< Leviticus 20 >

1 Verder sprak de HEERE tot Mozes, zeggende:
And the Lord spake vnto Moses, saying,
2 Gij zult ook tot de kinderen Israels zeggen: Een ieder uit de kinderen Israels, of uit de vreemdelingen, die in Israel als vreemdelingen verkeren, die van zijn zaad den Molech gegeven zal hebben, zal zekerlijk gedood worden; het volk des lands zal hem met stenen stenigen.
Thou shalt say also to the children of Israel, Whosoeuer he be of the children of Israel, or of the strangers that dwell in Israel, that giueth his children vnto Molech, he shall die the death, ye people of ye land shall stone him to death.

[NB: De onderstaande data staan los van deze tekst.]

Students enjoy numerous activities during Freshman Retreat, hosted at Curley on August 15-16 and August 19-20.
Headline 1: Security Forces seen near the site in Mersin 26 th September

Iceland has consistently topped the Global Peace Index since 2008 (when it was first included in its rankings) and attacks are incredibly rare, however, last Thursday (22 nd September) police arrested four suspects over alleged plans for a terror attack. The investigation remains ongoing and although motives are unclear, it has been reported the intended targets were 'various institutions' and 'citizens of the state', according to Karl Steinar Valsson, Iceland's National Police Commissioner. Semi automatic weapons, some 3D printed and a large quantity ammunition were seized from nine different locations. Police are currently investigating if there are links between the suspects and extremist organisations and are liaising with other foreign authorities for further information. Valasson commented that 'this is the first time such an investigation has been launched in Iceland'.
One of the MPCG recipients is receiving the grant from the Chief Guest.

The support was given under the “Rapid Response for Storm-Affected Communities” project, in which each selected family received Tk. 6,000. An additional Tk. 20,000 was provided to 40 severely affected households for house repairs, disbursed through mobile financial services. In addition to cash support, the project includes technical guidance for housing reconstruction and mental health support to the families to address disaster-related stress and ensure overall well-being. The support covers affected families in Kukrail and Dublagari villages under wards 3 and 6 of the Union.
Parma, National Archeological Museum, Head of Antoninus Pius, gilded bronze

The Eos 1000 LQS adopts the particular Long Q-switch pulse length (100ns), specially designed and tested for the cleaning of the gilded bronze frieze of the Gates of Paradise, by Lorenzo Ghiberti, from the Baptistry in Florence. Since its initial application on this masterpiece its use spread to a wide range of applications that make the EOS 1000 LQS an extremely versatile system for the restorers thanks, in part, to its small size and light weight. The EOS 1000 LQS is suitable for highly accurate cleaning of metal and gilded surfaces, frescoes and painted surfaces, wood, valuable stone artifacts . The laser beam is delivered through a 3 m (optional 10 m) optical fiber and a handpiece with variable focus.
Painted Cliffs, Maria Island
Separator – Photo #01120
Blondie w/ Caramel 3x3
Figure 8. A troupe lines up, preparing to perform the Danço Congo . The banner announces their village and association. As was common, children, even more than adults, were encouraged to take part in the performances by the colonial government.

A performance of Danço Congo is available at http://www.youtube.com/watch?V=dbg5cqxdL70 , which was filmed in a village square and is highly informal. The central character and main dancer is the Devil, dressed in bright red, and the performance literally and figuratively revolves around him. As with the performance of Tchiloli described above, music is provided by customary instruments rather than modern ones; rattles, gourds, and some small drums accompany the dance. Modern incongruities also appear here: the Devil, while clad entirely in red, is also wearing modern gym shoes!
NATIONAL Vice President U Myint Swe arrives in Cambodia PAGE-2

3 En Ik zal Mijn aangezicht tegen dien man zetten, en zal hem uit het midden zijns volks uitroeien; want hij heeft van zijn zaad den Molech gegeven, opdat hij Mijn heiligdom ontreinigen, en Mijn heiligen Naam ontheiligen zou.

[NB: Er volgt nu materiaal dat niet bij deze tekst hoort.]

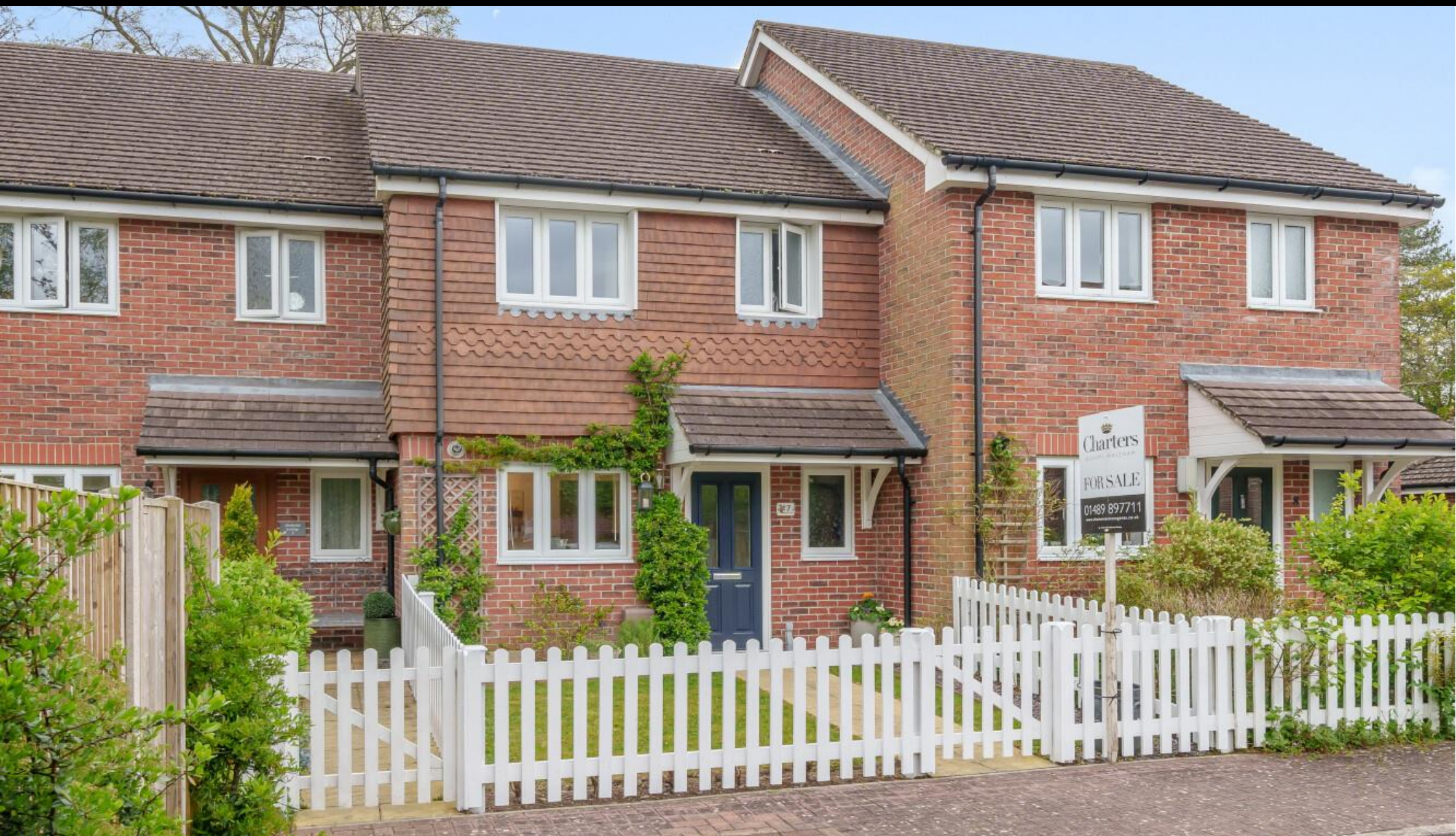
Edwards Close, Shedfield, Southampton, Hampshire, SO32 2HB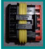
TYCO/AMP P/N 282090-1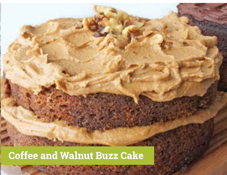
Coffee and Walnut Buzz Cake

And I will set my face against that man and cut him off from among his people, because he hath giuen his children vnto Molech, for to defile my Sanctuarie, and to pollute mine holy Name.

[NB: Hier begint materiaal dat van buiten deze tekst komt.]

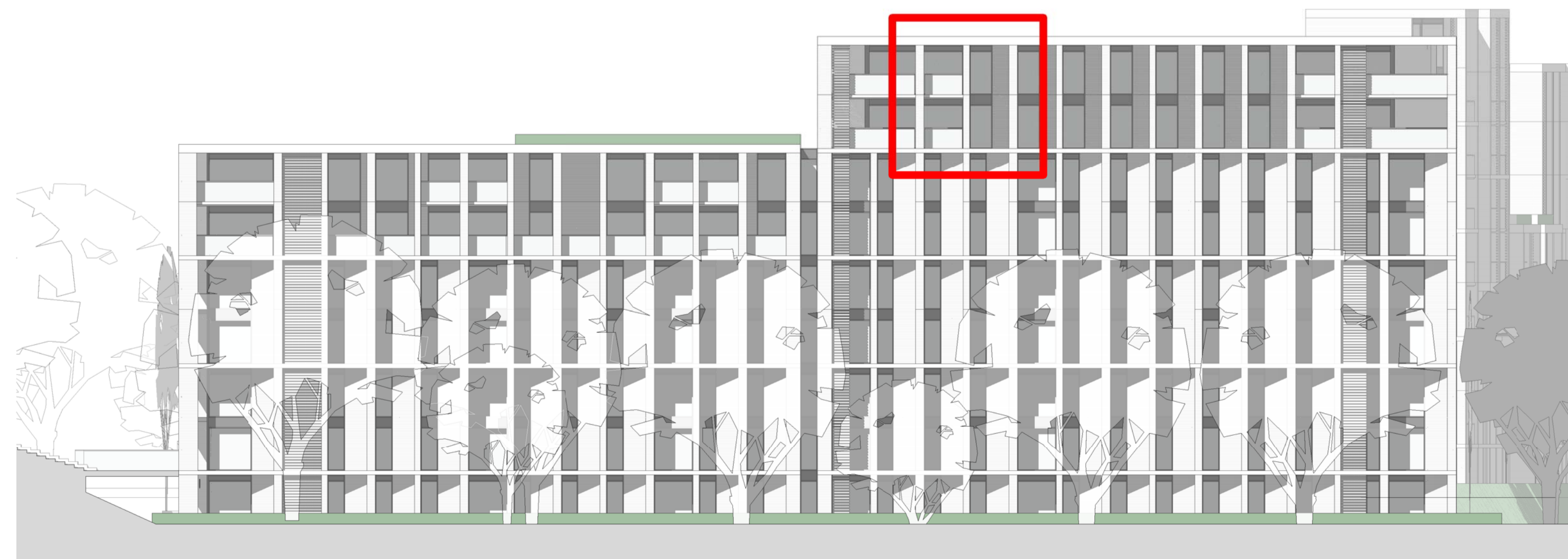
1 S-E Elevation - key 1 : 200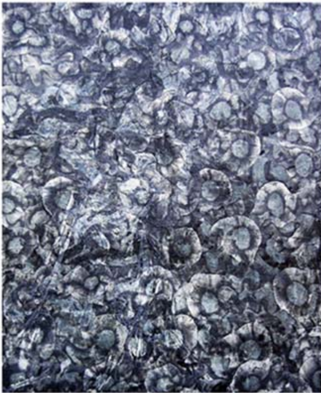
Untitled (1999) Mixed media, 90 x 72 ¾ inches

Evoking a dramatically different mood, an eerie and elegant painting from 1999, also untitled, conjures a geological formation. Creecy's pocked and liquid circles blend with subtle linear elements in what appears as an exquisite exercise in slow motion. Charcoal and gray predominate, flecked with mossy tones and red. There is no exuberance here; rather, there is weight – archaeological, atmospheric, and psychological – yet another example of the artist's versatility.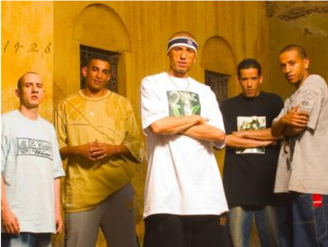
Figure 1: Popular Moroccan Rap Group H-Kayne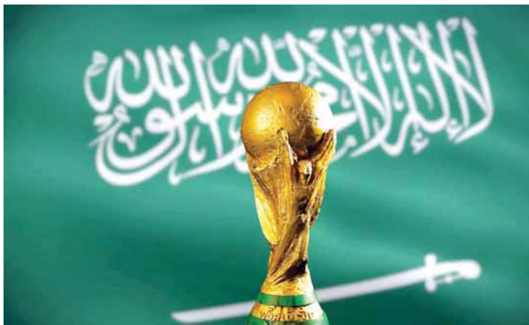
The kingdom plans to spend tens of billion of dollars on projects related to the World Cup as part of the crown prince's sweeping Vision 2030 project that aims to modernize Saudi society and economy. At its core is spending on sports by the $900 billion sovereign wealth operation, the Public Investment Fund, which he oversees. Critics have called it "sportswashing" of the kingdom's

tournament hosts by applause from more than 200 FIFA member federations in an online meeting hosted from Zurich by Infantino. It will kick off a decade of scrutiny on Saudi labor laws and treatment of workers mostly from South Asia needed to help build and upgrade 15 stadiums, plus hotels and transport networks ahead of the 104-game tournament. One of the stadiums is planned to be 350 meters (yards) above the ground in Neom — a futuristic city that does not yet exist — and another named for the crown prince is designed to be atop a 200-meter cliff near Riyadh. During the bid campaign, FIFA has accepted limited scrutiny of Saudi Arabia's human rights record that was widely criticized this year at the United Nations. Saudi and international rights groups and activists warned FIFA it has not learned the lessons of Qatar's much-criticized preparations to host the 2022 World Cup.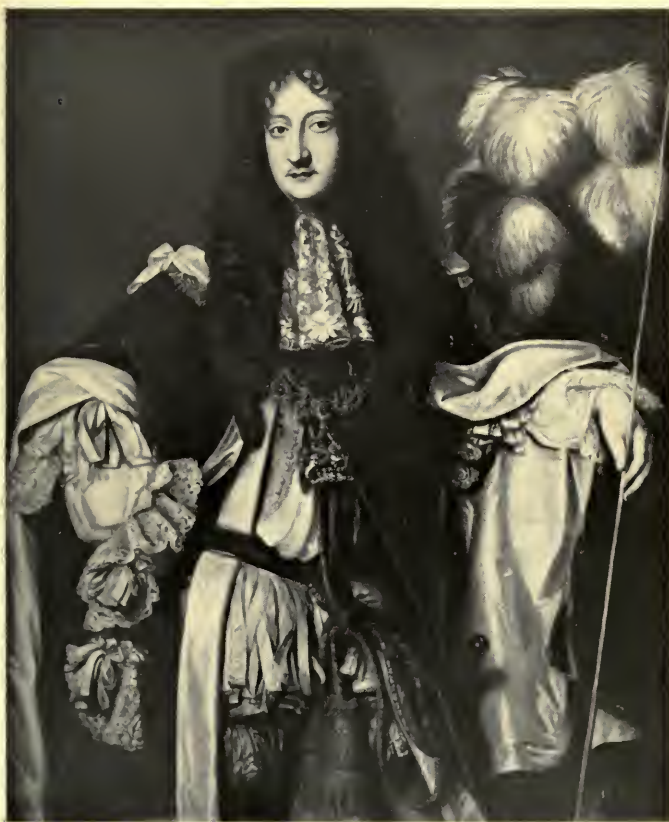
after the picture by Sir Godfrey Kneller in the National Portrait Gallery.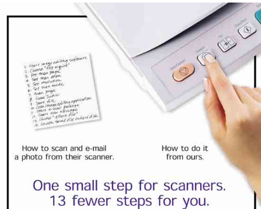
1998 Visioneer OneTouch Ad

In 1998, Visioneer changed the way that users interacted with their scanners. Previously there were multiple steps to scan a document or photo. Launching software, setting resolution, paper size, prescan, color depth, cropping, saving, etc. And the average user who was not skilled in scanner or imaging technology had no idea how or why to make these choices. So any scanning task took up to 14 steps and some techno-savvy. Enter Visioneer OneTouch . Visioneer created buttons on scanners that let the user scan with one touch to already configured settings for different applications: scan a photo, scan to email, scan to the printer (copying), etc. Before you knew it, everyone starting putting buttons on scanners. Why? Because ease of use was more important than any other feature including price. The steak is more important than the sizzle.

4 En indien het volk des lands hun ogen enigszins verbergen zal van dien man, als hij van zijn zaad den Molech zal gegeven hebben, dat het hem niet dode;
And if the people of the lande hide their eyes, and winke at that man when he giueth his children vnto Molech, and kill him not,
5 Zo zal Ik Mijn aangezicht tegen dien man en tegen zijn huisgezin zetten, en Ik zal hem, en al degenen, die hem nahoereren, om den Molech na te hoereren, uit het midden huns volks uitroeien.
Then will I set my face against that man, and against his familie, and will cut him off, and all that go a whoring after him to comit whoredome with Molech, from among their people.
6 Wanneer er een ziel is, die zich tot de waarzeggers en tot de duivelskunstenaars zal gekeerd hebben, om die na te hoereren, zo zal Ik Mijn aangezicht tegen die ziel zetten, en zal ze uit het midden haars volks uitroeien.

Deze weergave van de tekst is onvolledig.